THe thing is, this all depends on scale. If you are small scale, look at you
cost per day. They won't attack you forever - their resources are limited.

So if you're in that situation - okay, it sucks. First, calculalte the cost of
doing business. If they're asking for 10 grand and you're thinking of paying
because you'll lose that much in a few days, you're better off getting hooked
up with a real DDOS protection provider - it will cost a lot less than that in
the long run.

If you make tons of money daily (some affiliate sites, etc) then it may (may)
be worth doing both - if one day's business will cost you a quarter million in
profits, and you havent' already set yourself up for DDOS, it might be worth
letting hte FBI know, paying them off anyway, and then getting protection
services in place so it never happens again (cause now you know)

It's the small fish who just can't afford DDOS protection services and might
have sites who make _just_ enough money to live on off their site that are in
the tough spot, and could be a prime target for the extortionist-type
DDOS'ers.

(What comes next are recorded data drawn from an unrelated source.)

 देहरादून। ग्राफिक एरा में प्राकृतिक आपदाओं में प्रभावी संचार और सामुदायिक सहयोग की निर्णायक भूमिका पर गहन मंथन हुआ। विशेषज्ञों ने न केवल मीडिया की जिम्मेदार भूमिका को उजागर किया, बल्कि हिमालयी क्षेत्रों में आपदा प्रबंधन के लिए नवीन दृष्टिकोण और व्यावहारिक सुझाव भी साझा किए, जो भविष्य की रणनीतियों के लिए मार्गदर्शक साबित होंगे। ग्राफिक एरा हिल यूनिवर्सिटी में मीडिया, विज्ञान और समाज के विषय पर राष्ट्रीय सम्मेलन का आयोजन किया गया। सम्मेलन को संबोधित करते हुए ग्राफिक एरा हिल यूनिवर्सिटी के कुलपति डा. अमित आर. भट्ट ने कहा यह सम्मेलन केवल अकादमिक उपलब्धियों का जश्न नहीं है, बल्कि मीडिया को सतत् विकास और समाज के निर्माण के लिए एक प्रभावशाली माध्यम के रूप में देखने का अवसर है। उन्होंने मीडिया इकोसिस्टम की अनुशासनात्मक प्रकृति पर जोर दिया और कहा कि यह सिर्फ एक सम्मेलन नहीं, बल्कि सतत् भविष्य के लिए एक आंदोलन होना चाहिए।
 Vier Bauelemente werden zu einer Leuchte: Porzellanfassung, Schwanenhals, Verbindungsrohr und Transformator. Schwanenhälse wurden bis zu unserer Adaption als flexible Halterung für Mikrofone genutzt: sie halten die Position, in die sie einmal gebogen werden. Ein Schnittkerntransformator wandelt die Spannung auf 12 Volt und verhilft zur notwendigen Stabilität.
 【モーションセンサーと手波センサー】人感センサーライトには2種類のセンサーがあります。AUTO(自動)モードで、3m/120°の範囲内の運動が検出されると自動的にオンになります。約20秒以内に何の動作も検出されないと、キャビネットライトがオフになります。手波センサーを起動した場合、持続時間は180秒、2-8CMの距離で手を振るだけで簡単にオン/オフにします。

I wonder how common that is.

------
phillian
As a web publisher and affiliate marketer, I've had domains DDoSed at least 4
times in FY10. The worst of it being twice in two days on two separate domains
both targeting the same campaign by the same botnet based in Turkey.

Each one cost me money, but the two in two days cost me thousands. I was
hosting a VPS on Rackspace and did everything I could to mitigate it but
ultimately the attack stopped because they wanted those resources directed
elsewhere.

After the first one, I hooked up with a smart guy on Twitter
(<http://twitter.com/sempersecurus>) that tracks botnets. He allowed me to
sinkhole the domain so that he could collect and aggregate the data.

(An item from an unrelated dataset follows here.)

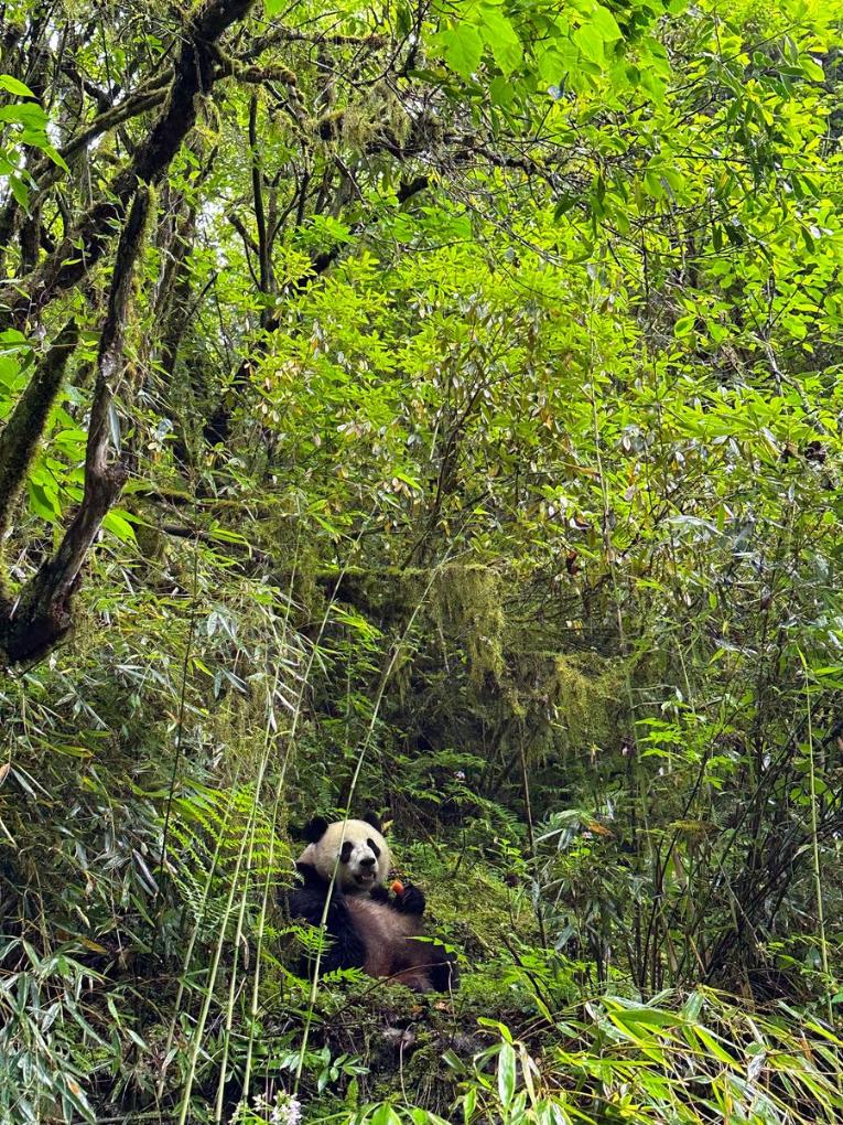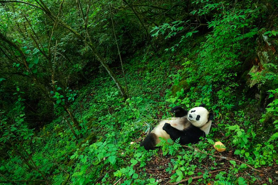 Giant panda Xian Xian has food at the second-phase giant panda wild training fields of Tiantai Mountain in Wolong National Nature Reserve in southwest China's Sichuan Province, June 24, 2024. (Xinhua/Shen Bohan)
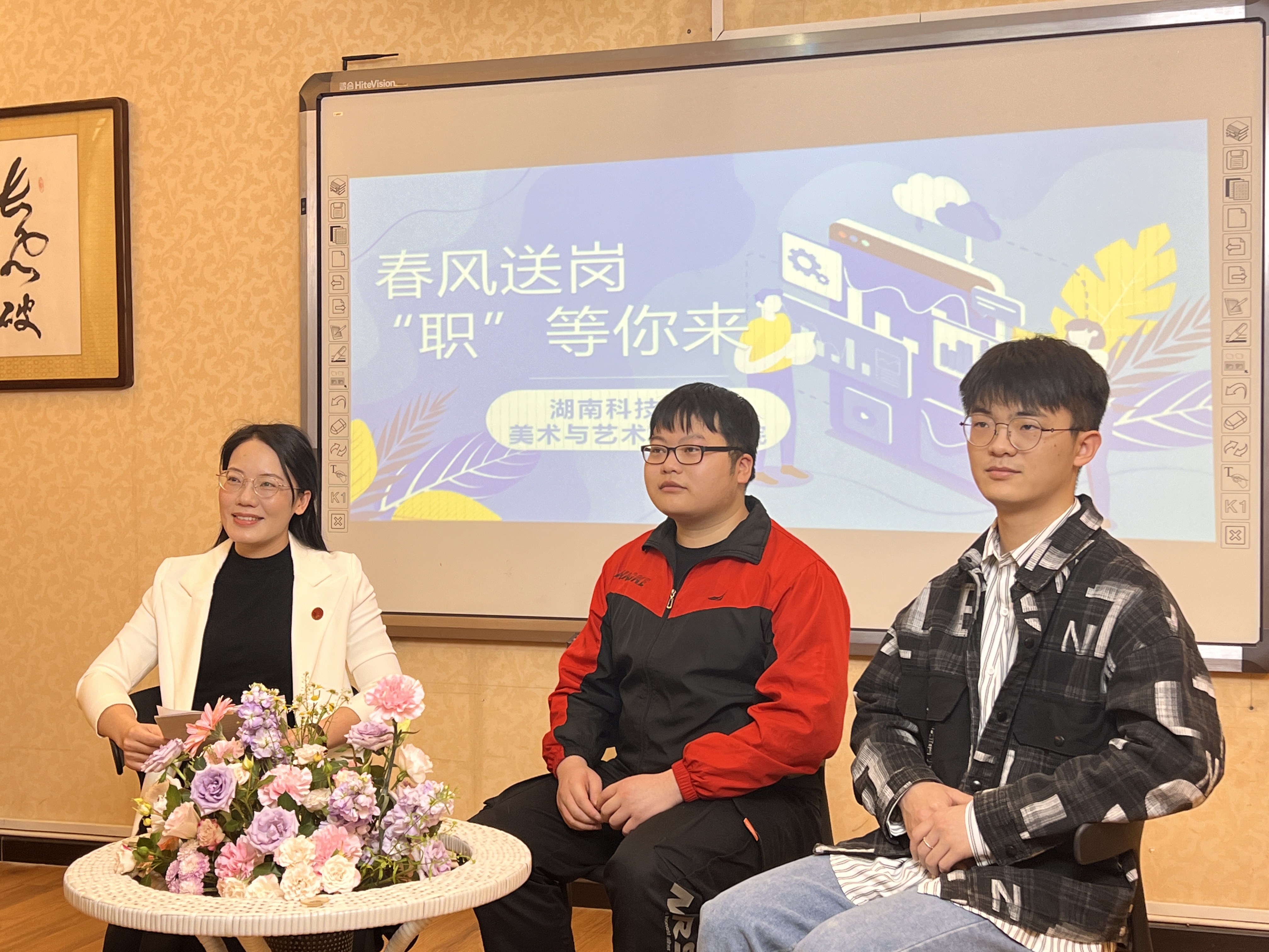 本网讯(通讯员 卿可青)2022年4月14日上午10时30分,bat365中文官方网站美术与艺术设计学院联合6家优秀校友企业在南楼202举行“春风送岗·‘职’等你来”线上直播招聘会。本次招聘会现场由美院党总支书记刘华主持,6名毕业生代表参与互动,线上有150余名学生进行观看。

To stay defensive, I put some .htaccess blocks in for countries that are
clearly well outside normal buyer patterns. In each case, I know a user (read:
a human) saw the campaign and then put the DDoS in place so I hoped, by the
.htaccess blocks, to prevent them from seeing the site altogether. But I know
I really need to be a much more knowledgable coder to be proficient at
deflecting these in the future.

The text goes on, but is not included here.